Action item: With no images included, output each entry below exactly as it appears.

--------------------------------

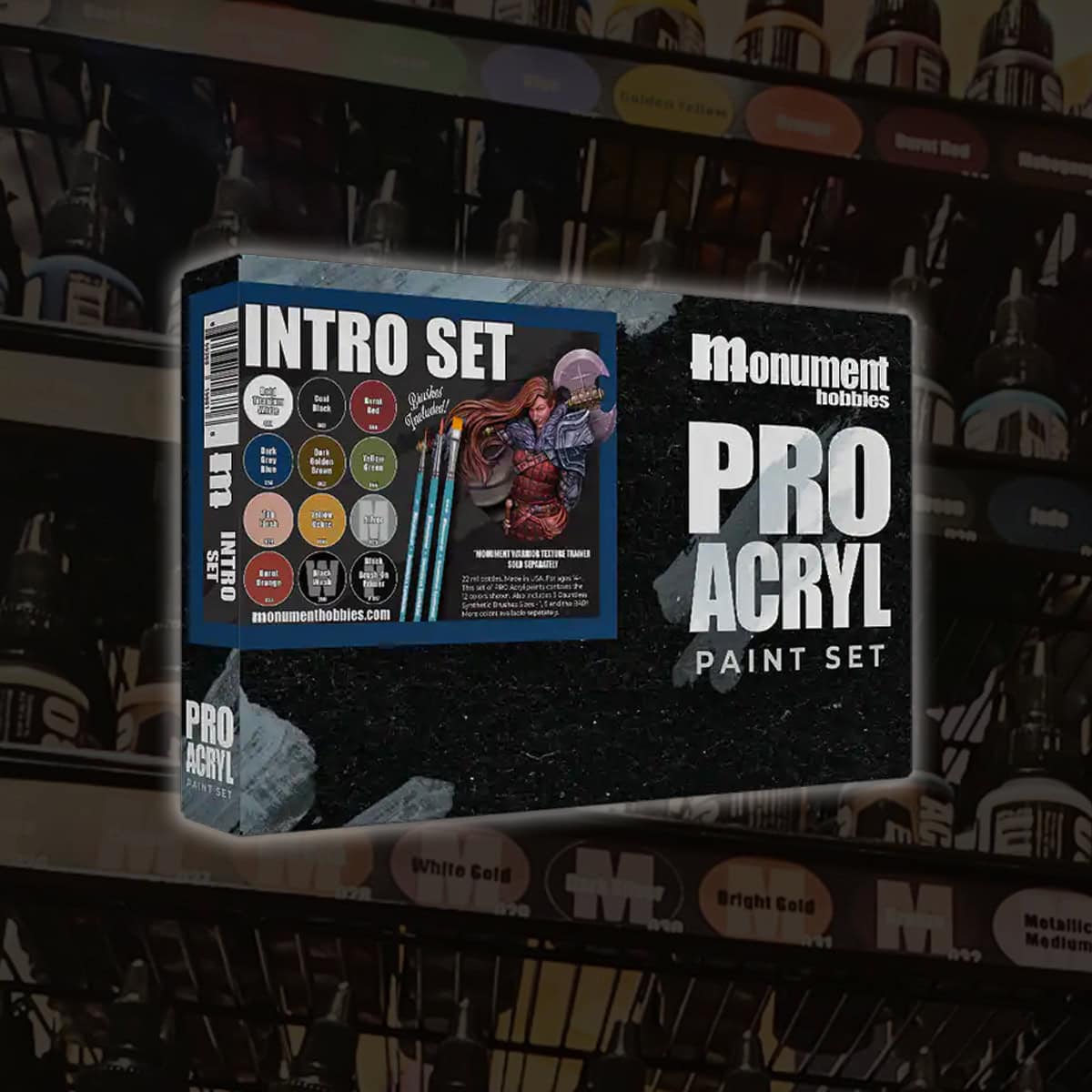 Monument Hobbies revealed a new PRO Acryl Intro Set featuring 12 colors, a primer, wash, and Dauntless brushes perfect for starting to paint miniatures!
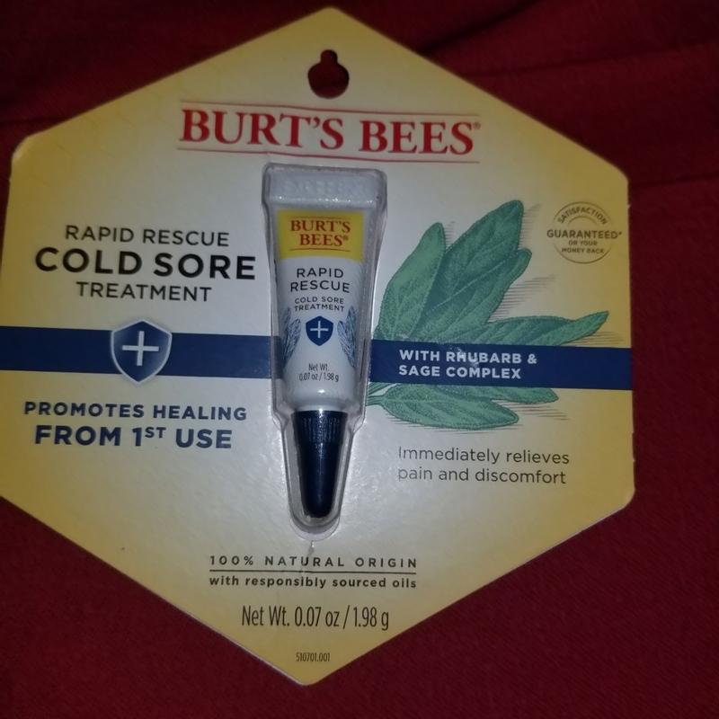 I have never written a review , but feel I have to on this one . I had a huge cold sore that swelled my whole upper lip . It was so bad I could barely open my mouth to drink or eat . I used abreva and releev which helped keep it at bay some , but no relief at all for my throbbing pain . Finally asked my husband to please go find something for the pain and swelling and we did reviews . Saw some good stuff about Burts Bees rapid rescue and figured it’s worth a trip out to try it . Boy am I glad he did !! As soon as I opened the package and applied I felt relief I don’t know if it will do anything else yet , but the pain relief was worth it alone . I will try to write another review after 24 hours of use . Thank you for helping me get relief !! Wish I had it a day ago .
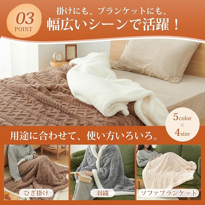 【あったか二重構造】表面はふわふわしたフリース生地で、裏面はもこもこなシープボア生地で、2枚を合わせることで、生地の間に空気の層ができ保温性に優れ、両面気持ちよくあたたかくお使いいただけます。
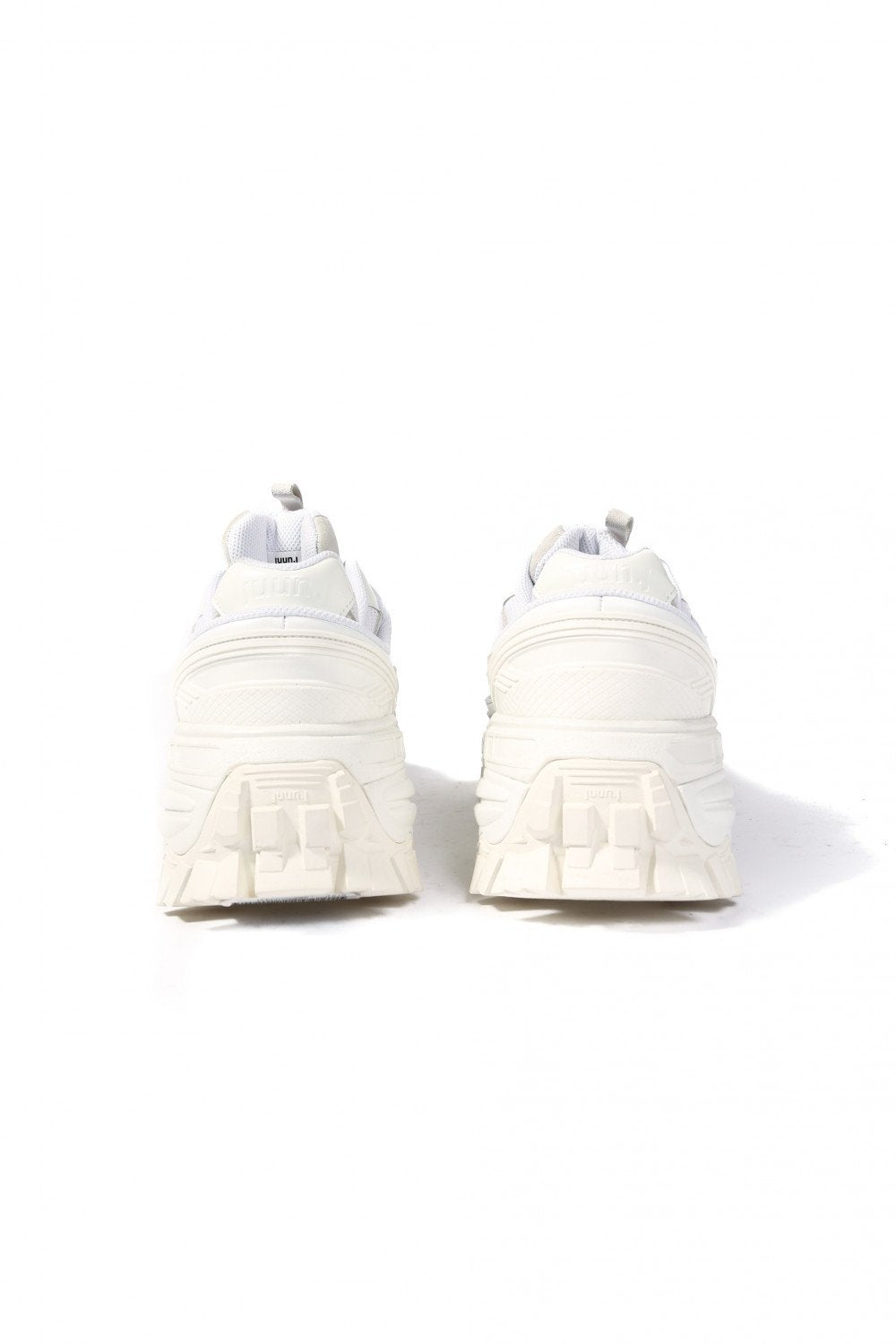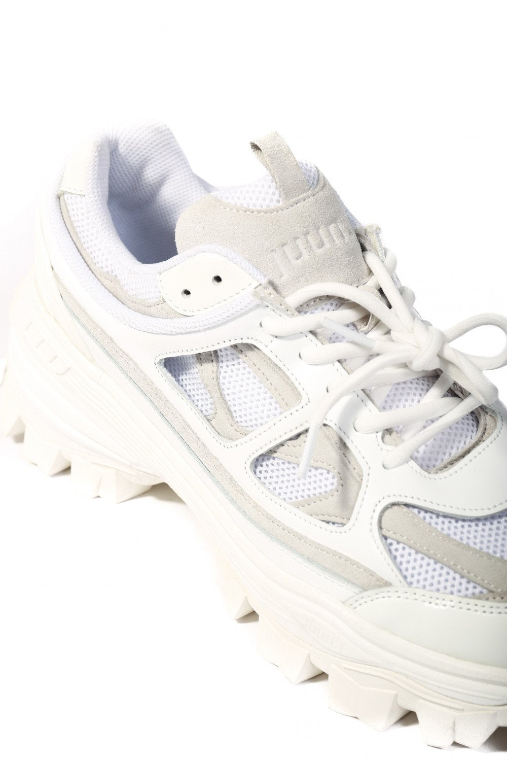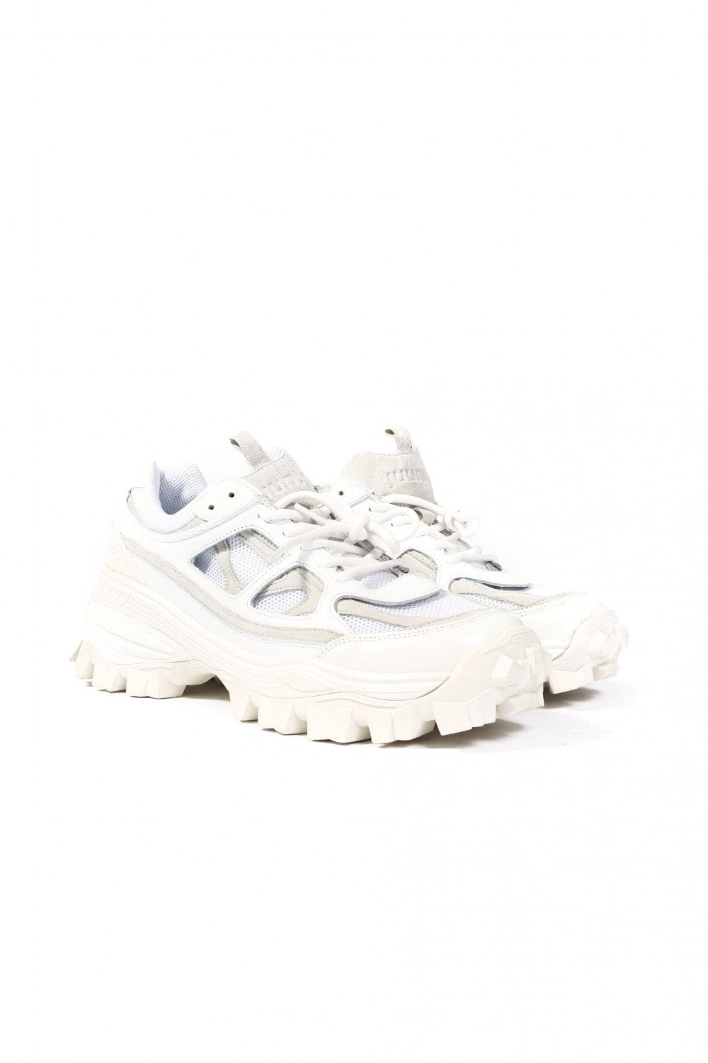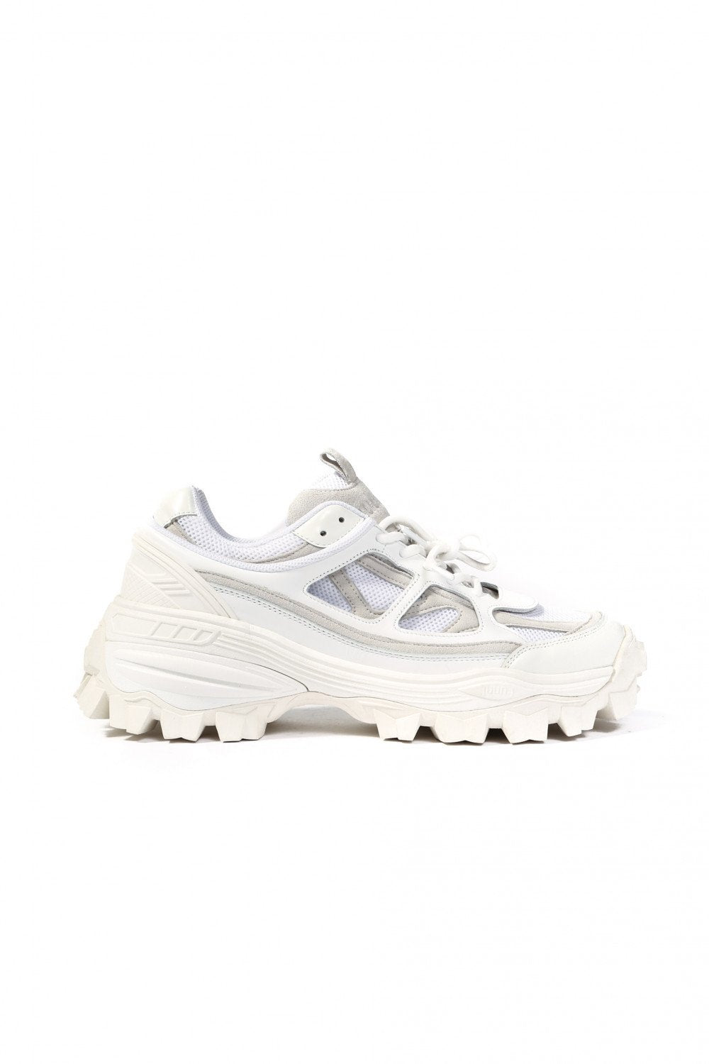 The theme of Juun. J’s SS 19 collection is “Alternative” and featured designs and silhouettes inspired by ’90s sportswear. The collection plays with fabric layering, embroidery and printing as seen in the White Volume 3 Sneakers.
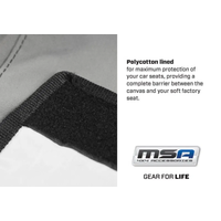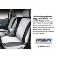 MSA 4X4 have created a canvas seat cover that is durable enough to withstand life’s adventures| but not too stiff that its uncomfortable for the occupants.

--------------------------------

Output for this task:
 Monument Hobbies revealed a new PRO Acryl Intro Set featuring 12 colors, a primer, wash, and Dauntless brushes perfect for starting to paint miniatures!
 I have never written a review , but feel I have to on this one . I had a huge cold sore that swelled my whole upper lip . It was so bad I could barely open my mouth to drink or eat . I used abreva and releev which helped keep it at bay some , but no relief at all for my throbbing pain . Finally asked my husband to please go find something for the pain and swelling and we did reviews . Saw some good stuff about Burts Bees rapid rescue and figured it’s worth a trip out to try it . Boy am I glad he did !! As soon as I opened the package and applied I felt relief I don’t know if it will do anything else yet , but the pain relief was worth it alone . I will try to write another review after 24 hours of use . Thank you for helping me get relief !! Wish I had it a day ago .
 【あったか二重構造】表面はふわふわしたフリース生地で、裏面はもこもこなシープボア生地で、2枚を合わせることで、生地の間に空気の層ができ保温性に優れ、両面気持ちよくあたたかくお使いいただけます。
 The theme of Juun. J’s SS 19 collection is “Alternative” and featured designs and silhouettes inspired by ’90s sportswear. The collection plays with fabric layering, embroidery and printing as seen in the White Volume 3 Sneakers.
 MSA 4X4 have created a canvas seat cover that is durable enough to withstand life’s adventures| but not too stiff that its uncomfortable for the occupants.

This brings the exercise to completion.